What you’ll learn:
- How to build an indoor navigation solution, using sensor fusion.
- How the sensor-fusion system’s architecture is organized, with tasks partitioned between the CPU and DSP.
Sensors are most effective when they work together—combining data from multiple sources—in what’s called “sensor fusion.”
One application where this holds true is indoor navigation, using our cell phones. GPS won’t work indoors, and beacon-based navigation will only function in areas with beacon infrastructure. Instead, an effective approach is simultaneous localization and mapping (SLAM). SLAM can work any place that provides indoor maps, which are likely to be available in many areas such as office buildings or shopping malls.
SLAM also is valuable for augmented reality and virtual reality (AR/VR), adjusting the scene to the user’s location and where they’re looking, and for drones and robots in collision avoidance, among many other applications. The SLAM market is expected to grow to $465M by 2023 at a healthy 36% CAGR.
So how should you build an indoor navigation solution using SLAM and sensor fusion?
An Out-of-the-Box Implementation
Building your solution can be as easy as integrating optimized software modules or as customized as you want. I’ll start by describing how you would put together and test an out-of-the-box solution based on CEVA’s SensPro sensor hub DSP hardware, together with our SLAM and MotionEngine software modules to condition and manage motion input.
We need a camera and inertial measurement sensors (IMUs), a host CPU, and a DSP processor. We’ll use the CPU to host the MotionEngine and SLAM framework, and a DSP to offload heavy algorithmic SLAM tasks.
To simplify explanation, I’ll start with OrbSLAM, a widely used open-source implementation. This performs three major functions:
- Tracking: Handles visual frame-to-frame registration and localizes a new frame on the current map.
- Mapping: Adds points to the map and optimizes locally by creating and solving a complex set of linear equations.
- Loop closure: Optimizes globally by correcting at points where you return to a point you’ve already been. This is accomplished through solving a huge set of linear equations.
Some of these functions can run very effectively inside the host app on a CPU core, such as the control and management functions unique to your application. On the other hand, the computational horsepower required means that some must run on the DSP to be practical or for competitive advantage.
For example, tracking might manage just one frame per second (fps) on a CPU, where feature extraction can burn 40% of the algorithm runtime. In contrast, a DSP implementation can achieve 30 fps, a resolution that will be important for fine-grained correlation between video and the movement sensor, or IMU.
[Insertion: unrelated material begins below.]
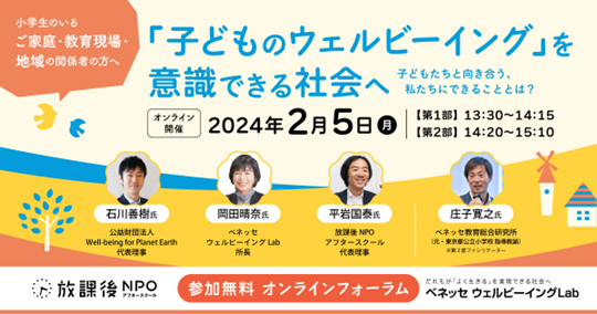 株式会社ベネッセホールディングス(本社:岡山県岡山市、代表取締役社長CEO:小林 仁、以下:ベネッセ)の「ベネッセ ウェルビーイングLab」(所長:岡田晴奈/ベネッセホールディングス 常務執行役員)は、2024年2月5日(月)、小学生の子どもと接するご家族や学校、地域の子ども支援者の方々などを対象としたオンラインフォーラムを開催いたします。

There are easily understood reasons for this advantage. A DSP implementation provides very high parallelism and fixed/floating-point support, critical in tracking and in mapping. This is complemented by a special instruction set to accelerate feature extraction. An easy link between the host and the DSP lets you use the DSP as an accelerator to offload intensive computations to the SensPro DSP hardware.
Fusing IMUs with Vision
In this solution, CEVA provides two important components to handle sensor data: visual SLAM using the CEVA-SLAM SDK, and the CEVA MotionEngine software that solves IMU input for three of the six degrees of motion freedom.
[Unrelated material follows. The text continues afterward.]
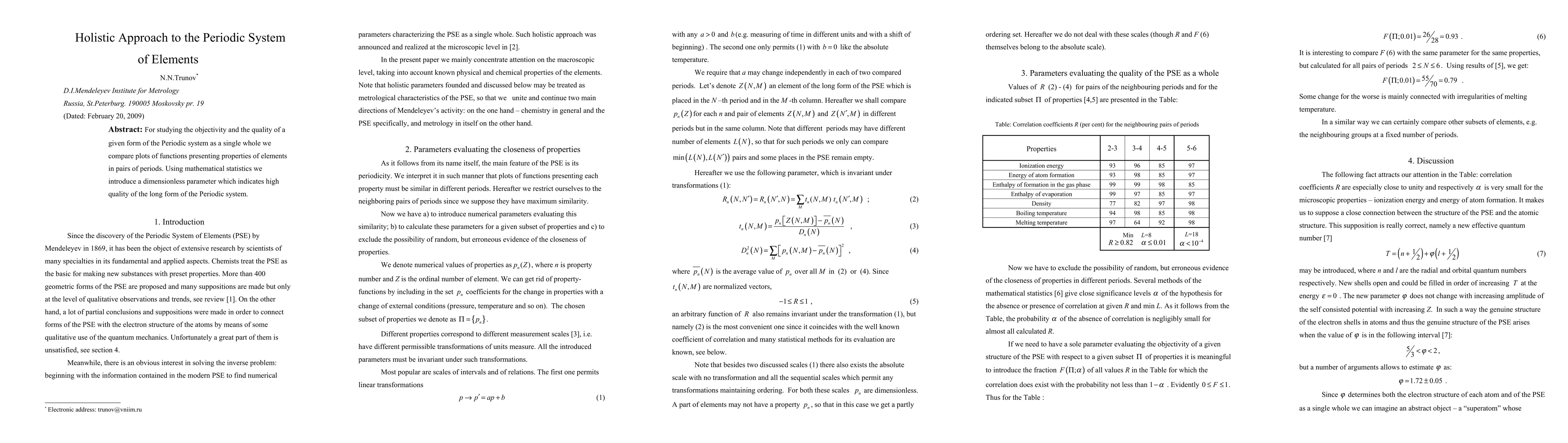 For studying the objectivity and the quality of a given form of the Periodic system as a single whole we compare plots of functions presenting properties of elements in pairs of periods. Using mathematical statistics we introduce a dimensionless parameter which indicates high quality of the long form of the Periodic system.

Then, fusing the IMU and video information depends on an iterative algorithm that’s typically customized to suit application requirements. This last step correlates visual data with motion data to produce refined localization and mapping estimates. CEVA provides proven visual SLAM and the IMU MotionEngine as a solid foundation for fusion algorithm development. As mentioned previously, the algorithmically intensive functions making up most of this computation will run fastest on a DSP, such as CEVA’s SensPro2 platform.
Once you’ve built the prototype platform, it will, of course, require testing. Several SLAM datasets are available to help: Kitti is one example, EuroC is another. In the figure, we show an accuracy comparison between the OpenCV implementation and our CEVA-SLAM SDK implementation. You will want to do similar analyses on your product.
As mentioned previously, there are multiple ways to build a SLAM platform. For example, you don’t need to start from OrbSLAM, or you could mix in your own preferred or differentiated algorithms. These possibilities are readily supported in the SensPro sensor hub DSP.